Aus der Kleinen Mauerstraße wird wieder die Synagogenstraße

Veröffentlicht am 15.03.2022 in Kommunalpolitik

In seiner Sitzung am 15.03. beschloss der Ortsbeirat Kronberg, der „Kleinen Mauerstraße“ den Namen zurückzugeben, den die Nationalsozialisten ihr genommen hatten: „Synagogenstraße“.
 

 

Interfraktioneller Antrag auf Initiative der SPD.

„Seit meiner Kindheit ist mir bewusst, dass die Kleine Mauerstraße in direkter Nachbarschaft zur Eichenstraße, in der ich aufgewachsen bin und noch heute lebe, einmal Synagogenstraße hieß und dass die Nazis diesen Namen ausradiert hatten. 87 Jahre danach schaffen wir es endlich, diesen Akt rückgängig zu machen.“, freut sich Helmut
Ebner über die breite Unterstützung der Fraktionen und Ortsbeiratsmitglieder. Er hatte die Hauseigentümer:innen in der Straße nach ihrer Meinung gefragt, volle Zustimmung erhalten, und alle im Ortsbeirat Kronberg vertretenen Fraktionen im Stadtparlament eingeladen, einen gemeinsam Antrag zu stellen, was fast gelungen ist: CDU, Grüne und FDP sind dabei. Straßen- und Platzbenennungen sind originäre Kompetenz des betreffenden Ortsbeirats.
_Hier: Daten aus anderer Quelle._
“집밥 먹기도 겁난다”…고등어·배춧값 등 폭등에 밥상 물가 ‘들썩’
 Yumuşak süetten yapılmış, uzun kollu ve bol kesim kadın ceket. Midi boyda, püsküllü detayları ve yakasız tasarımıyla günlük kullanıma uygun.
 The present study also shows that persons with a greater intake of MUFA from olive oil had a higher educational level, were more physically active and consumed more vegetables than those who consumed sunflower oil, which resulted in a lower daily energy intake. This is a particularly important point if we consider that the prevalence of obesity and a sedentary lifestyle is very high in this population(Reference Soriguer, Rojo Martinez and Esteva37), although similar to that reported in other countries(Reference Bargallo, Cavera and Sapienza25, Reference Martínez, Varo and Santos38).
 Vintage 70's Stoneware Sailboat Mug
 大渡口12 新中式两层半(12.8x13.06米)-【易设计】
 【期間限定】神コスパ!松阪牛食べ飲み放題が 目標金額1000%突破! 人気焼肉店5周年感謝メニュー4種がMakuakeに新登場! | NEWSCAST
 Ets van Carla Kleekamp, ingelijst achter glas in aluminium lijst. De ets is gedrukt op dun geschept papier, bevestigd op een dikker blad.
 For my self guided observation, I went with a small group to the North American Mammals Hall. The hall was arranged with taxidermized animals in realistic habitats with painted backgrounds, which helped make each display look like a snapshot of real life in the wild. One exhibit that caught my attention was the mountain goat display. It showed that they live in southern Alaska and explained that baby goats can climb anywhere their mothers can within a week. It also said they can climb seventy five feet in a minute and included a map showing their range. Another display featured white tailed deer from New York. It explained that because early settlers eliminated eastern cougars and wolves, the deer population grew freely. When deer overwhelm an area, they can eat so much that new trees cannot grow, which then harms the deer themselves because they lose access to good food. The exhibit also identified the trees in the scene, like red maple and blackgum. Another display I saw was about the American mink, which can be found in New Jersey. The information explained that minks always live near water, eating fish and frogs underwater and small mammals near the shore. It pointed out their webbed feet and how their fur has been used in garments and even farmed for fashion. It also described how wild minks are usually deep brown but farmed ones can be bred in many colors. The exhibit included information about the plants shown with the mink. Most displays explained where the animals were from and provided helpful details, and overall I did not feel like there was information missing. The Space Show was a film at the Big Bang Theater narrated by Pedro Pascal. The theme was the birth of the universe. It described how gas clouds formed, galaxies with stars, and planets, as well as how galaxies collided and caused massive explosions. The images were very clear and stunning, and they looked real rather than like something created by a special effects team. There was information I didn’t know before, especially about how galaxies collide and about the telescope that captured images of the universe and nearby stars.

Stadt übernimmt die den Hauseigentümer:innen und Bewohner:innen entstehenden Kosten.

Mit einem neuen Straßenschild ist es nicht getan. Die Hauseigentümer:innen und Bewohner:innen müssen eine Vielzahl von Dokumenten neu ausstellen lassen, vom Grundbucheintrag bis zum Personalausweis. All diese Kosten soll die Stadt übernehmen, das ist Teil des Antrags und des Beschlusses.